LinkedIn Blocked in China After ‘Jasmine’ Protest Postings

LinkedIn Blocked in Parts of China; Investigation Under way
LinkedIn Corp. said its service was being blocked in parts of China and that it was looking into the matter. Photographer: Jin Lee/Bloomberg

LinkedIn Corp., operator of the largest networking site for professionals, became inaccessible in China after a user posted comments that Tunisia’s Jasmine Revolution should spread to the Asian country.

The blockage of the service “appears to be part of a broader effort in China going on right now, involving other sites as well,” Hani Durzy, a spokesman for Mountain View, California-based LinkedIn, said in an e-mail. The company will continue to monitor the situation, he wrote.

Since 2009, the world’s largest Internet market by users has shut out sites such as those operated by Facebook Inc. and Twitter Inc. that don’t comply with Chinese rules to self censor information on politically sensitive subjects. A LinkedIn user identified as “Jasmine Z” last week set up a discussion group to post opinions on whether the revolutions that brought down the leaders of Tunisia and Egypt should be brought to China.

“Often, this is done as a sort of a warning signal -- sort of a shot across the bow,” said Doug Tygar, professor of computer science at the University of California at Berkeley. “A portion of that is symbolic.”

The problems accessing the site are “likely” connected to the creation of the LinkedIn group, Tygar said. Chinese citizens can use Internet services to work around blocked sites, he said.

Li Wufeng, chief of the State Council Information Office Internet Affairs Bureau, didn’t immediately return calls today.

On Feb. 23, Jasmine Z set up the “Jasmine Voice” discussion group to post opinions on the pro-democracy protests currently spreading through the Middle East.

‘Democracy, Freedom, Justice’

“After years of independent thinking, I am becoming a critical dissent dying for democracy, freedom and justice in my homeland,” Jasmine Z wrote in the first of three posts.

A second post said China’s Communist Party members fail to “realize the crisis of the autocratic one-party system” and a third post referred to the party as “a power and elite club.”

Earlier this month, Secretary of State Hillary Clinton vowed the U.S. will step up support for global Internet freedom, as citizens using social networking sites run by Facebook and Twitter organize demonstrations spreading across the Mideast and North Africa.

The U.S. will help “people in oppressive Internet environments get around filters, stay one step ahead of the censors, the hackers, and the thugs who beat them up or imprison them for what they say online,” she said in a speech in Washington.

U.S. Ambassador to China Jon Huntsman Jr. was filmed at a protest in Beijing last week.
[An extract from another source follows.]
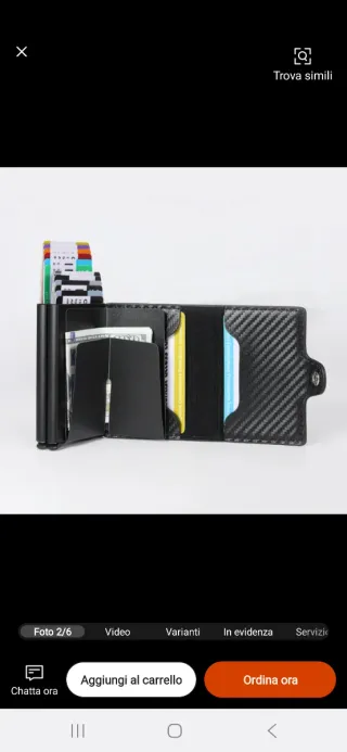 Nero in pelle, bifold, come nuovo con scatola originale e una dozzina di tasche per dimensioni da carta di credito. Perfetto per regalo, vendo a metà prezzo.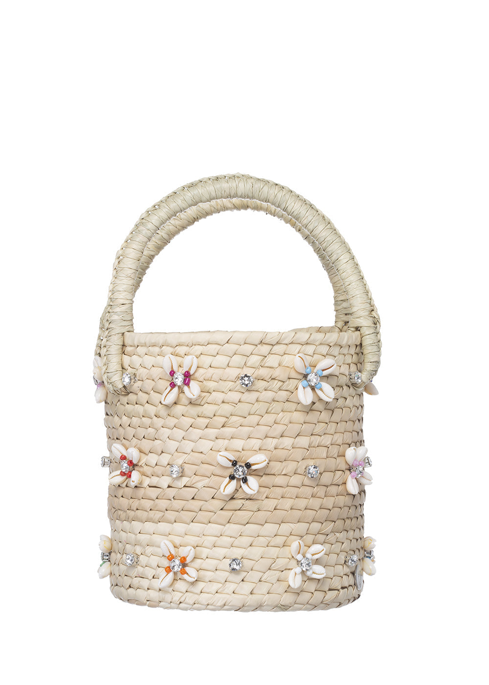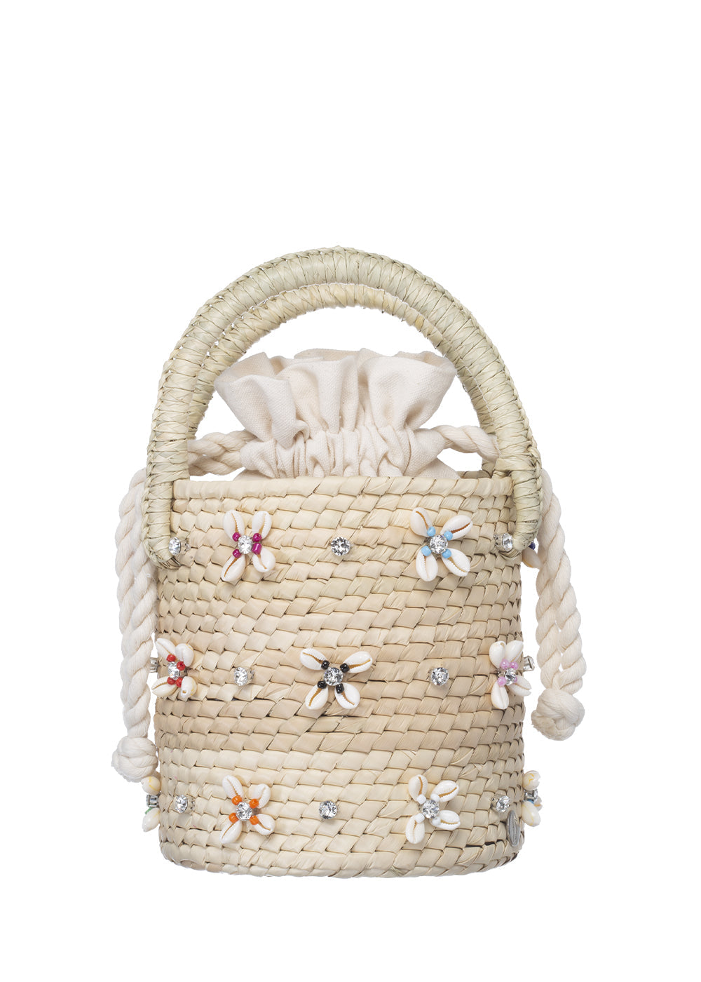 Materiales: 100% palma, abalorios de Swarovski y Seashells. Forro 100 % algodón

The U.S. Embassy in a statement said that Huntsman and his family were “passing through” the shopping district and his presence was “purely coincidental.”

After a video of Huntsman at the event began to circulate on the Internet, Huntsman’s Chinese name is no longer searchable on micro blogs like A search on Sina’s micro blog produces a Chinese message which translates as “According to relevant laws, regulations and policies, the search results have not been shown.”